The three migration chains
| Chain | Directory | Filename pattern | Sequence key |
|---|---|---|---|
| Console (Alembic) | console/migrations/versions/ |
NNNN_<slug>.py |
4-digit zero-padded prefix |
| Raptor (Alembic) | backend_v2/alembic/versions/ |
NNNN_<slug>.py |
4-digit zero-padded prefix |
| Queue (sqitch) | queue/migrations/sqitch/sqitch.plan |
NN-<slug> change entry |
2-digit prefix in plan file |
Each chain's sequence numbers must be globally unique within that chain. Two PRs claiming the same number in the same chain is a migration-number collision.
Why collisions happen
All feature-dev agents branch from main at dispatch time. Each agent picks the
next available number with:
ls console/migrations/versions/ | sort | tail -1
When two or more agents dispatch in the same wave, they all see the same "last number on main" and claim the same next number. The first PR to merge wins; the second breaks the Alembic chain and requires a renumber hotfix.
How the CI guard works
.github/workflows/migration-collision-check.yml runs on every PR that touches:
- console/migrations/versions/**
- backend_v2/alembic/versions/**
- queue/migrations/sqitch/sqitch.plan
It calls scripts/ci/check_migration_collision.py, which:
- Diffs this PR against its base SHA to find new migration files / sqitch entries.

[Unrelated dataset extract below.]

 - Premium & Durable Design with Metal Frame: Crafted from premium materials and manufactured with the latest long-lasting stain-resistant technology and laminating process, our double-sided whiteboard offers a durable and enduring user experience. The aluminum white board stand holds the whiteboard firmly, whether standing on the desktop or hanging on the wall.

- Extracts the sequence number from each (the leading
NNNNorNNprefix). - Calls
gh pr list --json number,filesto get all other open PRs' changed files. - Detects any other open PR with the same sequence number in the same chain.
- If a collision is found: exits 1 and posts a PR comment naming the colliding PR and the next available number.

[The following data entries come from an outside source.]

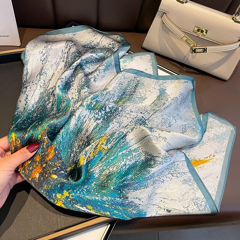 100% Silk Scarf Women Beige Green Flower Head Bandana Small Kerchief Turban 53cm
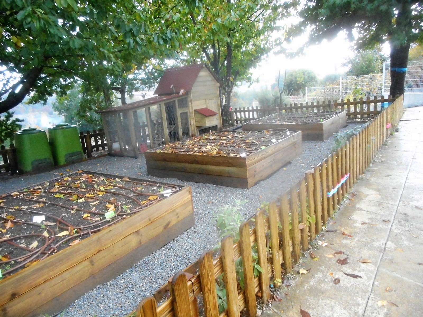 Requalificamos o espaço da horta biológica da escola que estava degradada, com a madeira da cerca apodrecida com a verba atribuída no Orçamento Participativo da Câmara a que a escola se candidatou. Montamos um galinheiro novo e uma estufa grande onde se pode trabalhar de pé. Construímos um casal de espantalhos a que as crianças deram o nome de Joaquim e Joaquina. O pai de uma das nossas crianças compôs uma música com letra adequada que todos cantamos no dia 7 de novembro.
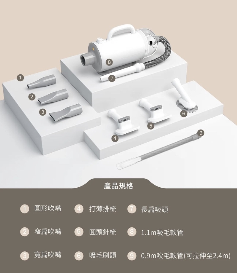 🏷 產品配件:機體*1、說明書*1、吸嘴*3、吸嘴*4、吸毛軟管*1、吹毛軟管*1、儲毛杯
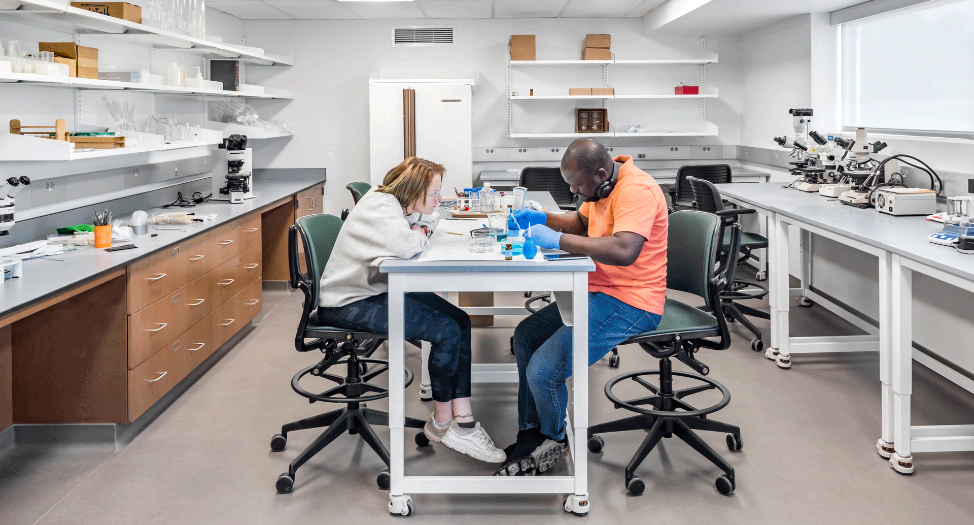 The renovated spaces span two teaching labs, 10 research suites, a shared equipment room, preserved specimen collection space for the region, a graduate student space, offices and mechanical space. The increased labs will support research in the biomedical field including research on vaccines, cancers, infectious diseases and genetic diseases.

The check completes in under 15 seconds (no DB, no Docker) and runs as a
first-pass gate before the heavier migration-gate job.
Running the guard locally
# From repo root. Replace <base-sha> with origin/main or the PR base commit.
python3 scripts/ci/check_migration_collision.py \
--base-sha origin/main \
--pr-number 0
No --post-comment flag in local runs — comment posting requires GH_TOKEN.
Expected clean output:
check_migration_collision: base='origin/main' pr=0
Found 1 new migration(s) in this PR:
[console] 0193 — console/migrations/versions/0193_promote_my_feature.py
Found 0 migration file(s) across 0 other open PR(s).
No migration-number collisions detected. OK.
Renumber procedure (when a collision is detected)
Follow this checklist when the migration-collision-check job fails OR when two
open PRs have the same migration number and you need to renumber one.
1. Identify the next available number
The CI comment tells you. Or compute manually:
# Console — find highest number currently on main
ls console/migrations/versions/ | grep -E '^\d{4}_' | sort | tail -1
# Raptor
ls backend_v2/alembic/versions/ | grep -E '^\d{4}_' | sort | tail -1
# Queue — find highest sqitch entry
grep -E '^\d{2,4}-' queue/migrations/sqitch/sqitch.plan | sort | tail -1
Check all open PRs on GitHub for any intermediate numbers already claimed but not yet merged. Use the next unclaimed number.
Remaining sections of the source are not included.